Scholarship and teaching excellence in College-based Higher education

Published on 02.02.17

4 1/2 minute read   “The learning environment is enriched by student exposure to and involvement in provision at the forefront of scholarship, research and professional practice.” (TEF assessment criteria LE2)   It would be easy to interpret this assessment criteria as a reference to Boyer’s ‘Scholarship of Knowledge’ and for more vocational college-based HE

4 1/2 minute read

 

“The learning environment is enriched by student exposure to and involvement in provision at the forefront of scholarship, research and professional practice.” (TEF assessment criteria LE2)

 

It would be easy to interpret this assessment criteria as a reference to Boyer’s ‘Scholarship of Knowledge’ and for more vocational college-based HE providers to rely on their lecturer’s dual-professionalism and base their  response around ideas of ‘professional practice.’ But scholarship in Boyer’s model is not limited to the post-doctoral researcher but far more inclusive. It enables the institution to clearly articulate that using evidence-based practice, and working alongside external employers or the community to inform curriculum decision-making (for instance) is part of the scholarship of application. And such work will evidence teaching excellence regarding learning outcomes and teaching quality (S02 and TQ3)

 

If we use Boyer’s model as a framework for capturing evidence of scholarship, our articulations become stronger, and, potentially, more developmental. If we consider the Teaching Excellence framework through the lens of Boyer’s scholarships, the gathering of evidence for the contextual framework becomes less of a ‘moment of metric capture’ and more a snapshot of an ongoing developmental process that is inherently tied to supporting our learners to achieve their academic potential.

 

Scholarly practice is threaded through the assessment criteria; providing the institution accepts and recognises scholarship as going beyond the search for new knowledge then the framework evidences itself.
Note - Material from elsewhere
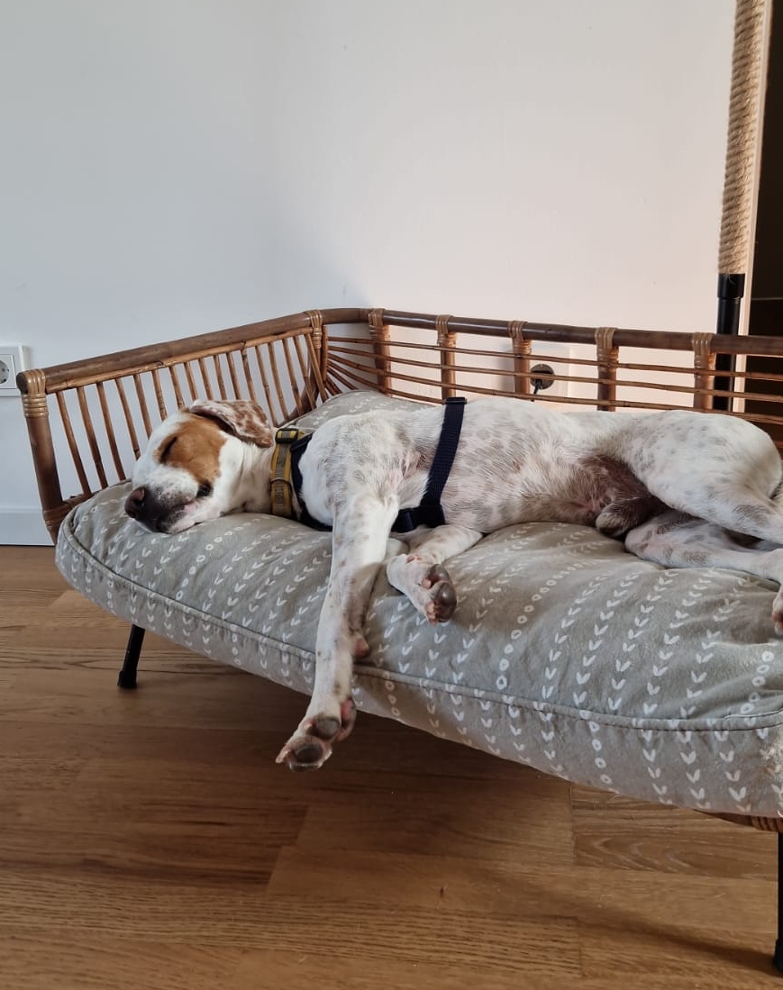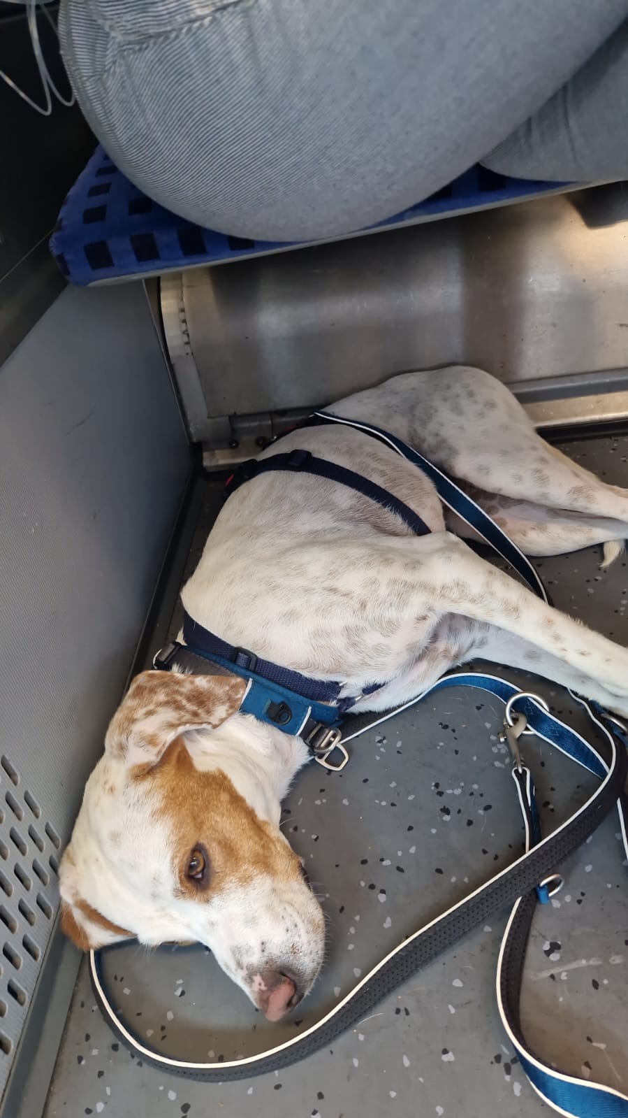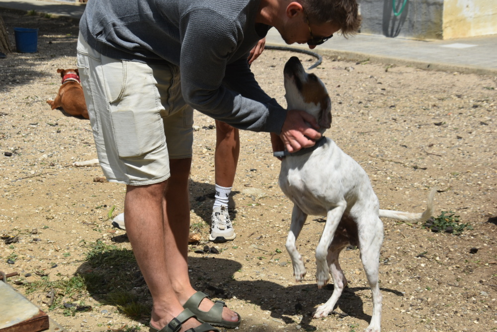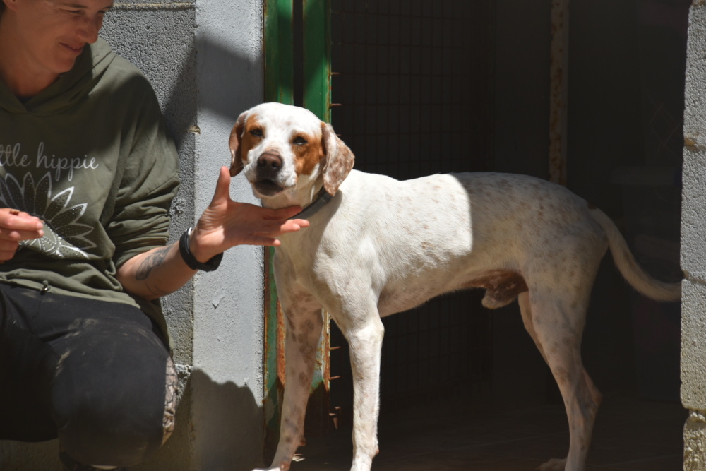 Taco ist ein dreijähriger (Stand 06/2025) Pointer-Mischling, der mit seiner charmanten und witzigen Art sofort alle Herzen erobert. Bereits bei seiner Rettung hat er gezeigt, dass er ein Hund voller Überraschungen ist: Er stieg ganz selbstverständlich ins Auto der Tierschützer, nachdem sie ihn gerufen hatten (Taco hielt tiefenentspannt eine Siesta mitten auf der Straße, und zeigte sich auch nicht sehr beeindruckt, als er beinahe von einem LKW überrollt wurde … ganz im Gegensatz zu den Tierschützern des Refugio Kimba!) – als hätte er an diesem Tag schon gewusst, dass es Zeit ist, ein neues Kapitel in seinem Leben aufzuschlagen.
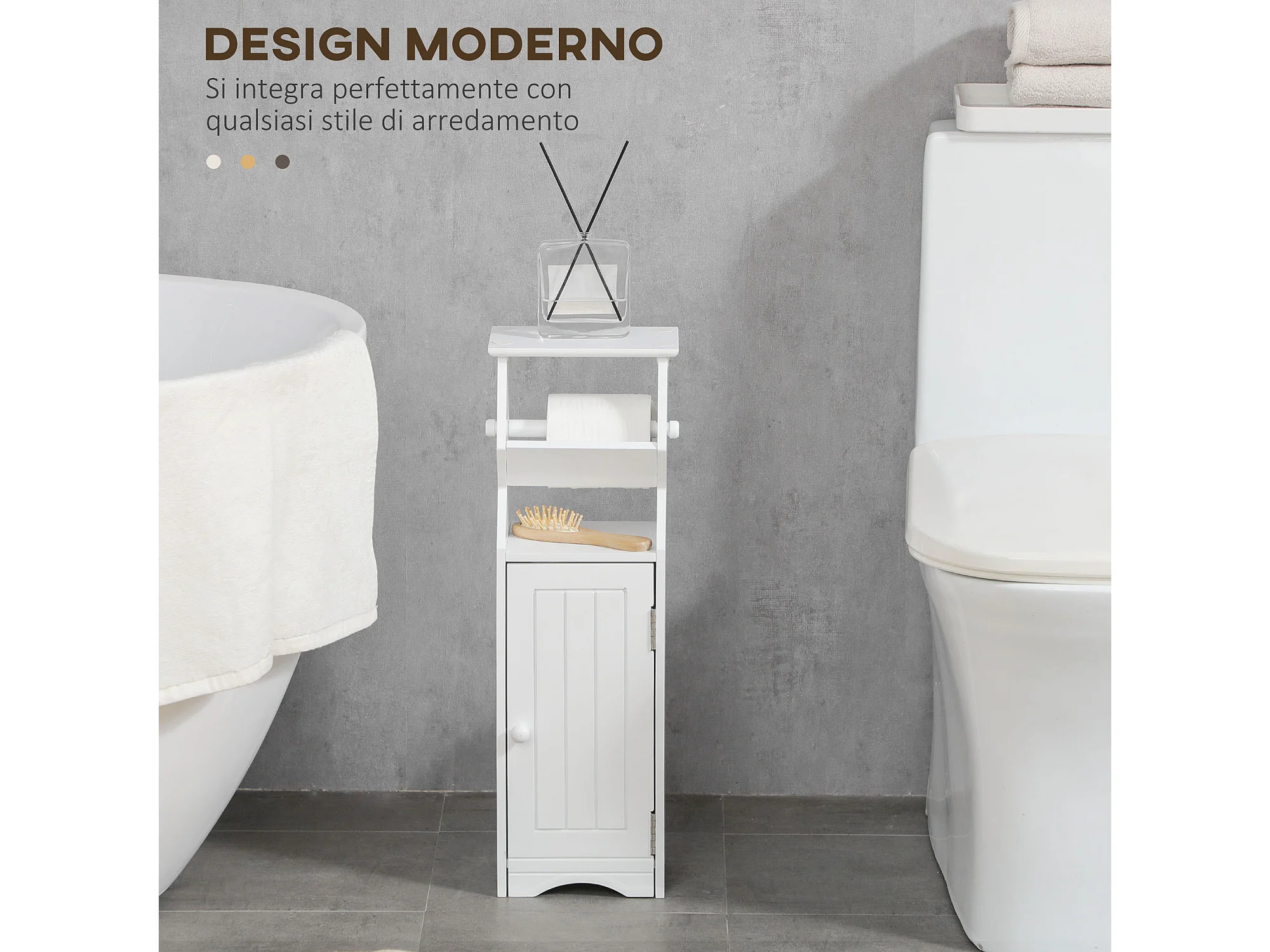 Mobile bagno porta carta igienica con armadietto e ripiano bianco

If we embrace the Scholarship of Teaching and Learning, then our work in stretching and challenging our learners becomes an integral part of our practice and one that is evidence-based through action research evidence or reflections (and therefore easier to evidence within the contextual statement).

 

The Students as Partners agenda is equally important here, engaging students through working alongside them, rather than casting them in the role of passive knowledge-consumers.

 

Regarding rigour and stretch (TQ3), involving students as partners in scholarly research and practice supports their learning as part of an ongoing process which celebrates and rewards curiosity, enquiry and the sharing of knowledge. What is peer review if it is not ‘assessment to support development and attainment’? Casting students in the role of scholars, or researchers of their own, and each others’ practices will surely scaffold the kind of independent learning that is appropriate to HE.

 

Scholarship is equally relevant when one considers the need to evidence the proper use of digital resources (LE1). In our fast-paced fluid world, if we do not keep up-to-date on current digital pedagogies then our students will suffer. We must teach in the digital, but mindfully, not simply grasping at ‘new’ technologies without clearly identifying where they can be of benefit to students. And if students are encouraged to be partners in this then they will have a more personalised learning experience (LE3), and gain transferable skills (SO2).

 

The point I’m trying to make isn’t simply that adopting this approach makes mapping activities to assessment criteria easy to evidence, but that, as scholarly practice is in itself iterative, under development, so too becomes the TEF.  The TEF exercise becomes a reflection point, part of learning carried out by the institution as a whole, and wholly meaningful, as then the institution can pause, reflect, evaluate and develop as a community of staff, learners, and the wider community.

 

In College-based Higher education, we are in a particular position. Used to Ofsted, with strict criteria and rigid systems, we can see TEF as a similar binary exercise. A top-down audit. Or, we can see it as a developmental exercise which is only one part of a wider culture of scholarship and scholarly practice. Then, our learning environments will be enriched by scholarship and our learners will benefit. And that is what The Scholarship Project, for me, is all about.